Plans to hold a massive regional tourism conference next year at a yet-unfinished conference center in Chroy Changva have been scrapped, tourism and Phnom Penh officials said Sunday.

The Asean Tourism Forum, scheduled for late January, will have to be held in other Phnom Penh facilities, and the conference center, which was to be called the Mekong Confer­ence Center, will have to be used for other meetings in the future, the officials said.

“We [will] just forget about it,” Ministry of Tourism Secretary of State Thong Khon said Thurs­day, referring to the center, which was originally meant to hold exhibition booths and meetings for as many as 1,400 regional guests. Meetings and events for the two forums will now be held in different locations around the city, including the Chaktomuk Theater, the National Cultural Center and the Inter-Continental Hotel, Thong Khon said.

Phnom Penh City Hall and the Ministry of Tourism announced in April 2001 that they would co­operate on the building of the proposed $6 million conference center. Families were moved from Chroy Changva, and river-dredging operations began.

“I think there was not enough time to finish [the center],” Thong Khon said.

Phnom Penh Governor Chea Sophara said the events would be moved. Construction, however,  is progressing in Chroy Changva, and the city is continuing work on the Mekong Conference Center, as well as improving the road, the electric infrastructure and the land around the center, said Mann Chhoeun, director of Cab­inet for the municipality.

“The municipality is still constructing the center, but not for the [tourism] conference,” Mann Chhoeun said.
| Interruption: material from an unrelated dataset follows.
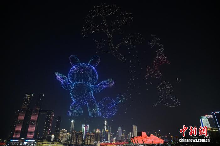 10月6日是中国传统佳节中秋节。当晚,重庆“两江四岸”上演无人机灯光秀,数千架无人机在山城夜空中勾勒出“天涯共此时”“月饼圆圆甜又香”“大展鸿‘兔’”“星语星愿”“月满人团圆”等一幅幅绚丽画面,在为市民和游客送上中秋节日祝福的同时,也献上了一场科技与艺术交融的视觉盛宴。图为无人机在空中排列出“大展鸿‘兔’”图案。中新社记者 周毅 摄
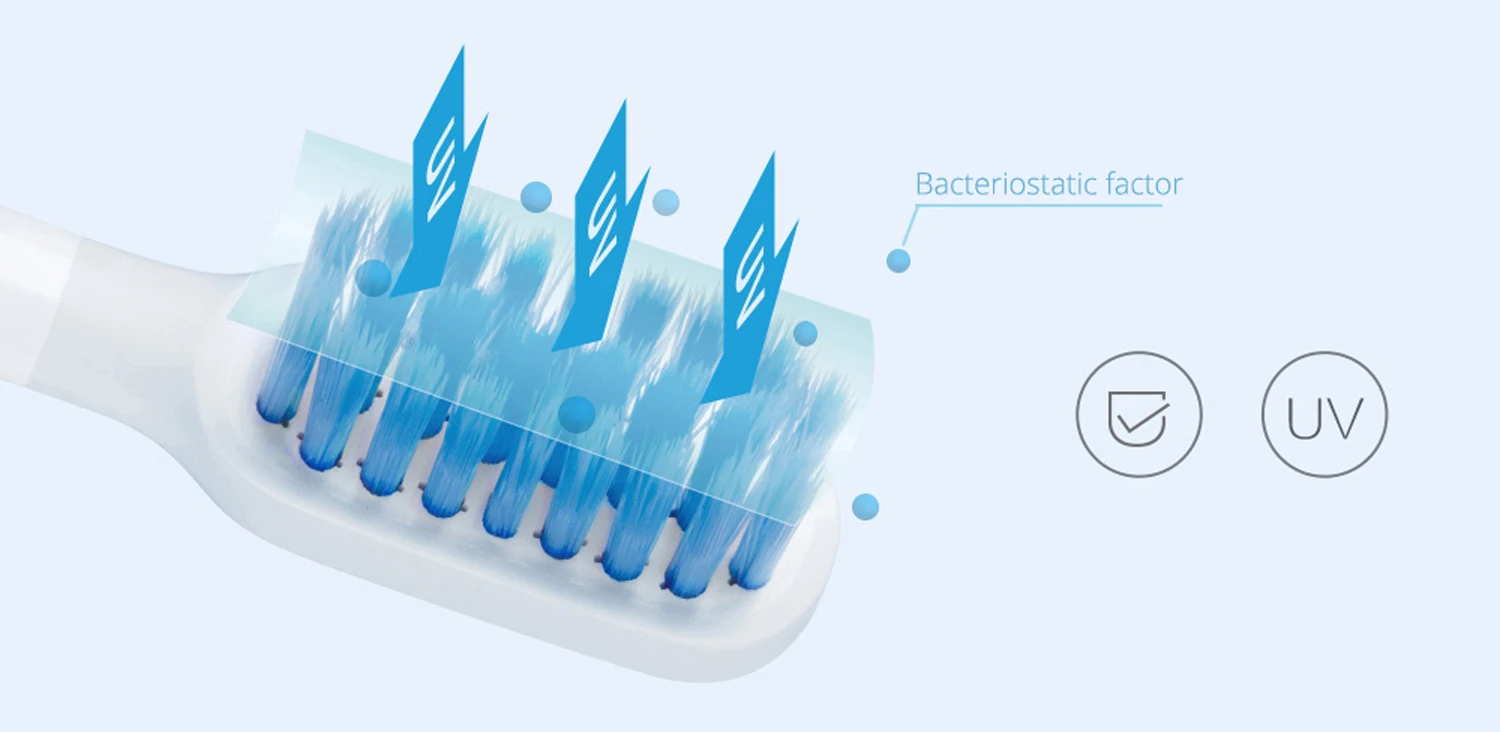 Американская щетина DuPont Premium. Выбирая американский DuPont Sta Clean 0,152 мм Премиум дезинфекционные щетинки, он имеет сертификацию FDA. Кроме того, Mi Home дезинфицирует головку кисти с помощью УФ-стерилизации и вакуумной посылка, чтобы гарантировать безопасность и чистоту каждой щетки. * Американская щетина DuPont * FDA безопасный сертификат * UV ster вакуумная посылка

The city—which provided land to the Ministry of Tourism for the conference hall—will focus now on security for the tourism forum, which will come shortly after an Asean Summit scheduled for November, Chea Sophara said.

Around 8,000 police and military police will be tasked for security, and municipal authorities will ask Phnom Penh residents to be vigilant and report wrong-doing, Chea Sophara said. He would not say whether the Chroy Changva conference center planners had run out of time or whether they had run out of money.

So far, little preliminary construction at Chroy Changva has taken place. The peninsula is now the host to many different food vendors. During last November’s Water Festival, the city ran an inexpensive shuttle from the west bank of the Tonle Sap river to the peninsula, but little more has been developed.

The Asean Tourism Forum is hosted by a different member nation each year as a way to promote tourism venues for international visitors. Senior ministers, heads of tourism associations and journalists are all expected to arrive in January for the conference, Thong Khon said.

The Ministry of Tourism plans to rent out about 300 booths at the National Cultural Center near Hun Sen Park for different “buyers and sellers” in the tourism sector.